** Opening Data excerpt block **

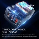 3. Menggunakan teknologi material GaN (Gallium Nitride) – semikonduktor generasi keempat terbaru yang mendukung kinerja charger agar dapat menahan suhu tinggi, lebih kuat serta mampu mengisi daya lebih cepat dan efisien.
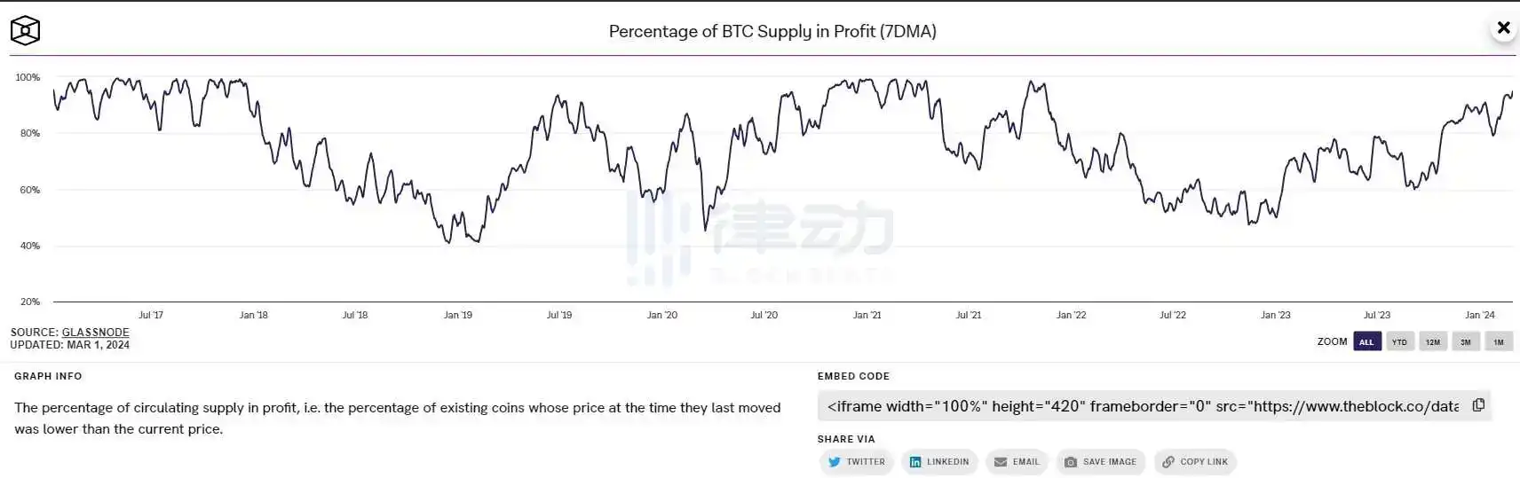 比特币流通供应盈利占比达 94.93%,创 2021 年 11 月以来新高
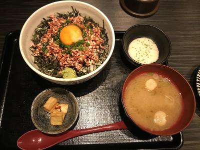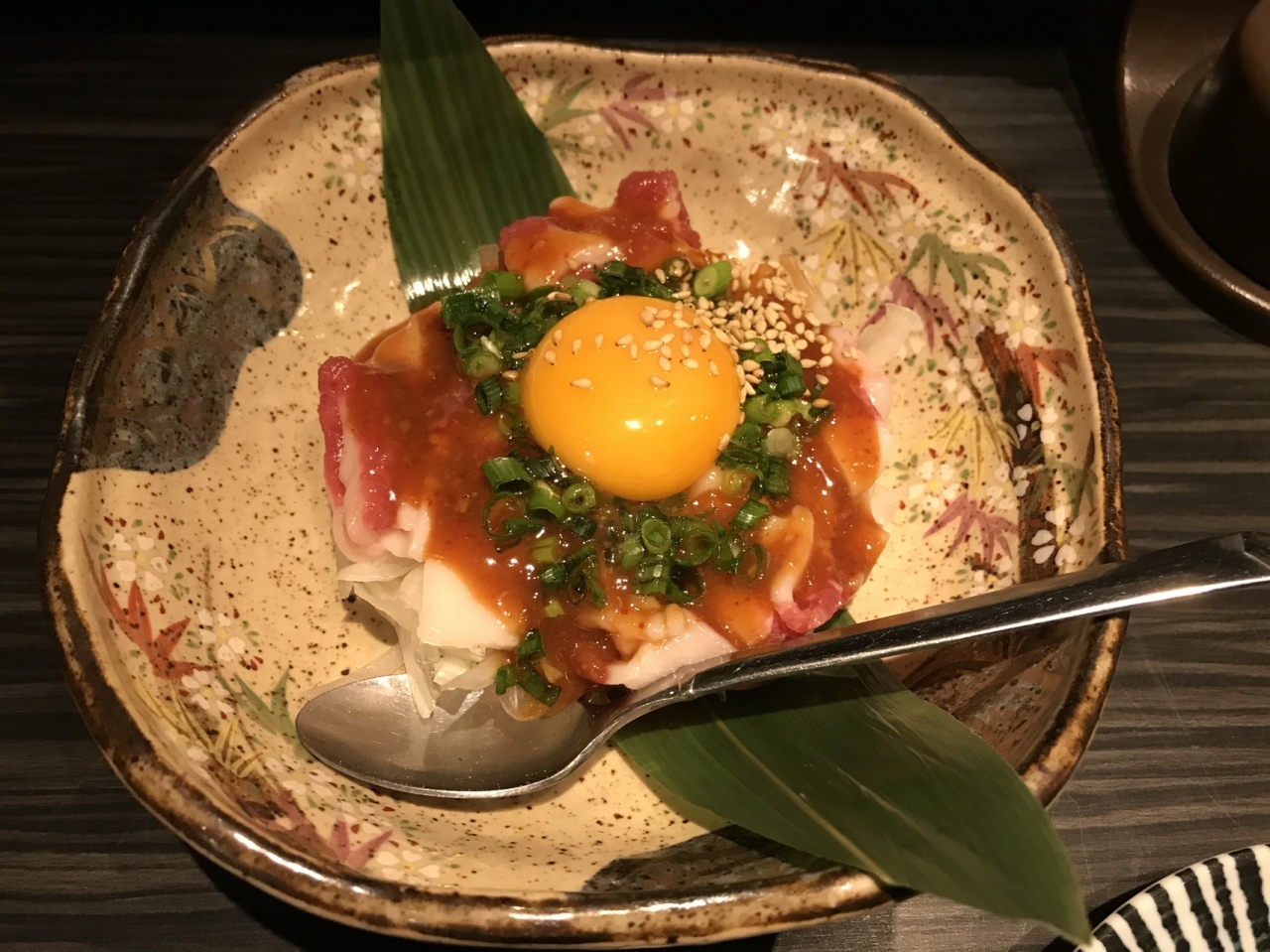 締めに馬丼を注文。温かいご飯の上に冷たい馬肉のミンチ、卵黄、海苔がのっていて、ぐちゃぐちゃに混ぜてから食べるとなんとも言えない味。途中でとろろを追加すると味変してまた美味い。

** Closing Data excerpt block **

## Task to complete
Your task is to copy exactly the lines from the line containing "比特币流通供应盈利占比达 94.93%,创 2021 年 11 月以来新高" through the final line of the listing above and to omit every picture.

## Exercise response
 比特币流通供应盈利占比达 94.93%,创 2021 年 11 月以来新高
 締めに馬丼を注文。温かいご飯の上に冷たい馬肉のミンチ、卵黄、海苔がのっていて、ぐちゃぐちゃに混ぜてから食べるとなんとも言えない味。途中でとろろを追加すると味変してまた美味い。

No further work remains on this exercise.